Voici ce que je souhaite par l’acquisition de notre double nationalité familiale : que Fils ait la chance de se sentir 100% français et 100% malien…

 

19 Responses to “Binationale: pourquoi je suis devenue Franco-Malienne.”

  1. Un très bel article plein d’intelligence et de sensibilité, une démarche originale que je ne connaissais pas (je ne savais pas que ça serait si facile !) et que je trouve intéressante !

  2. Sandrine dit :

    Bel article, belles déclarations d’amour

    rien d’étonnant niveau immigration, ça fait juste du bien de te lire, et d’entendre des voix qui signalent que non, nous ne sommes pas une terre d’accueil, clairement non, contrairement à tout ce que les politiques veulent nous faire entendre.

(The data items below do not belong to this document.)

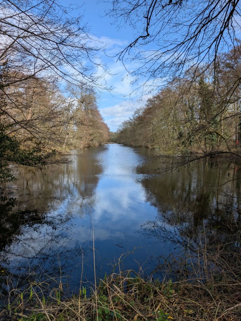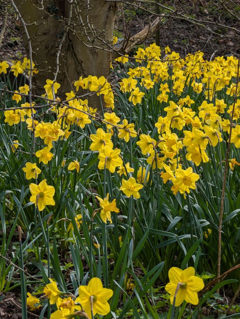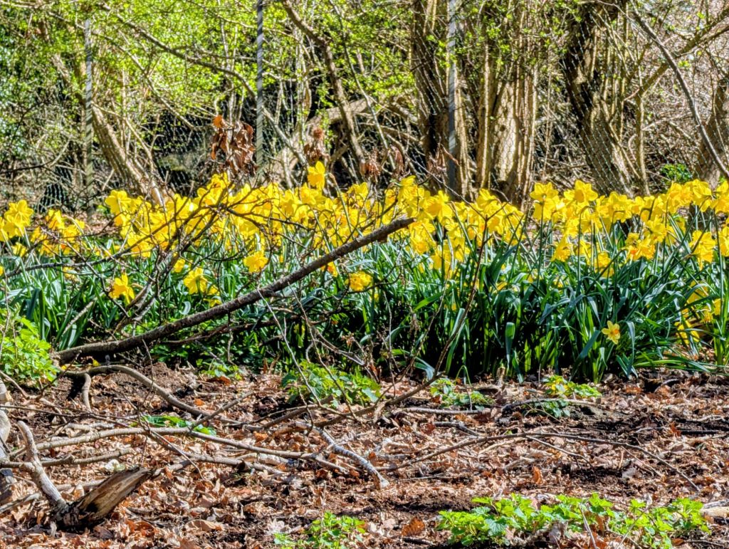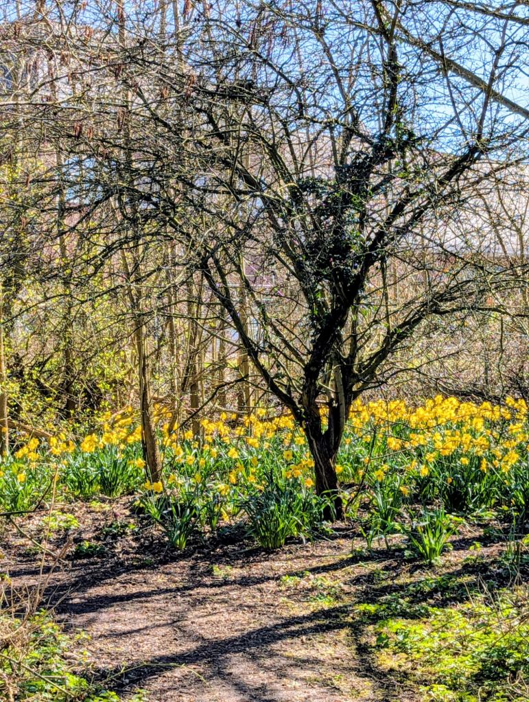 Dazzling yellow daffodils were everywhere, mostly growing healthily from bulbs planted by the gardening team—a rich investment with years of beauty ahead.    A couple of grey squirrels raced up the trunks of trees as I approached; they are numerous around here, feeding from the large ancient oaks, beech, and chestnut trees growing around the lake. As I neared the water, I noticed a couple of moorhens racing across the grass as fast as possible on their short legs.
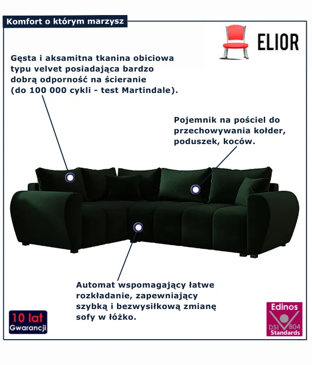 • Solidna konstrukcja – trwałe materiały i staranne wykonanie gwarantują, że narożnik posłuży przez wiele lat.
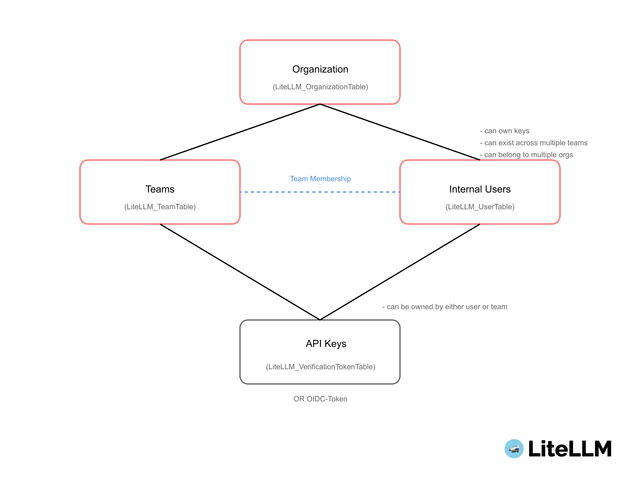 Organizationsare the top-level entities that contain Teams.Team- A Team is a collection of multipleInternal UsersInternal Users- users that can create keys, make LLM API calls, view usage on LiteLLM. Users can be on multiple teams.Virtual Keys- Keys are used for authentication to the LiteLLM API. Each key can optionally be associated with auser_id, ateam_id, or both:- User-only key: Has a
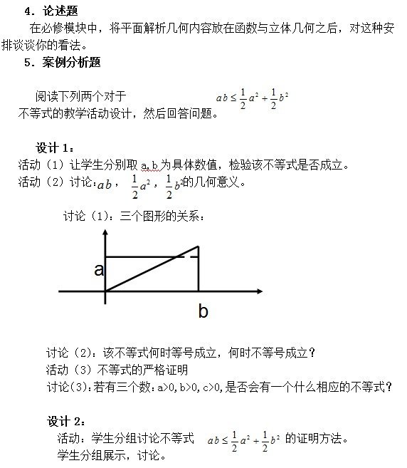 2.高中數(shù)學(xué)課程知識的掌握和運(yùn)用。理解高中數(shù)學(xué)課程的性質(zhì)、基本理念和目標(biāo),熟悉《普通高中數(shù)學(xué)課程標(biāo)準(zhǔn)(實(shí)驗(yàn))》(以下簡稱《課標(biāo)》)規(guī)定的教學(xué)內(nèi)容和要求。
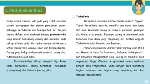 (cacing isap), dan Cestoda (cacing pita). bagian tubuhnya dan bagian yang terpotong ini akan

    Y a pas à dire, les voyages forment l’esprit…. l’amour aussi
    Belle démarche, pleine de sens, et bel esprit de famille.
    Bref, c’est beau, alors merci pour ça ! :)

    • Ye Lili dit :

      Merci Sandrine !
      Tes mots me font bien plaisir, car je me sens presque dans l’obligation de témoigner, moi qui ai des outils pour le faire, alors que bien d’autres sont « sans-voix »…

  3. Laurent dit :

    Oh bah ça, une nationalité en plus, ça n’est pas tous les jours dis moi. Il va falloir que nous trinquions à ça un jour :-)

  4. Patricia dit :

    Un sujet qui me touche beaucoup, merci Aurélie pour ce partage!
    Si je peux me permettre en tant que métisse franco-béninoise de donner ma vision concernant tes inquiétudes pour ton fils (qui est vraiment trop mignon au passage :D), je pense que pour qu’il ait des repères entre les deux cultures et qu’il se sente malien et français à 100% il faut aller régulièrement au Mali pour qu’il s’approprie la culture en étant en immersion complète.
    Et enfin, de part mon expérience et celle de mes frères et sœurs, cousins, cousines métisses comme moi, être considéré comme blanc en Afrique et comme noir en Europe est inévitable, mais en grandissant on apprend à en jouer et c’est vraiment une grande force!

    • Ye Lili dit :

      Merci de tes mots ici Patricia.
      Réaction de mon mari à la lecture de ton commentaire « Elle a tout dit! ».
      Et oui, 100% d’accord avec toi sur les déplacements au Mali. Fils devrait y avoir été deux fois avant ses deux ans, on est sur la bonne voie…
      Quand aux questions de Noir ici et Blanc là-bas, j’espère que son chemin sera comme le tien !
      A bientôt, ici ou là :)

  5. Nicole dit :

    Merci Aurélie pour ce bel article. Je me retrouve dans tes réflexions sur la culture malienne. Cela fait du bien en ces temps difficiles pour le vivre ensemble. Bonne soirée. Nicole .

  6. Corinne dit :

    J’ai eu ma double nationalité aussi (un peu plus difficilement, haha :p) et je suis de tout coeur avec toi dans le raisonnement! En Suisse on nous l’a dit à la cérémonie, avoir la double-nationalité c’est enrichir la culture de notre nouveau pays de notre sensibilité et de notre savoir d’ailleurs!

    • Ye Lili dit :

      Coucou Corinne,
      merci pour ton mot ici :)
      Oui j’avais suivi pour ta double nationalité, félicitations à toi…
      « La double-nationalité c’est enrichir la culture de notre nouveau pays de notre sensibilité et de notre savoir d’ailleurs! » c’est une bien belle intention dis donc!

  7. Sophie dit :

    J adore vous lire . Bises à vous 3

  8. Caro dit :

    Très bel article, le monde serait plus beau si tout le monde pensait comme ça…

  9. Anne dit :

    Je partage l’avis de Patricia, ce n’est pas tant un papier qui compte, mais le temps passé et partagé. Et donc si ton fils et toi vivez la même immersion, oui, ce sera un beau chemin!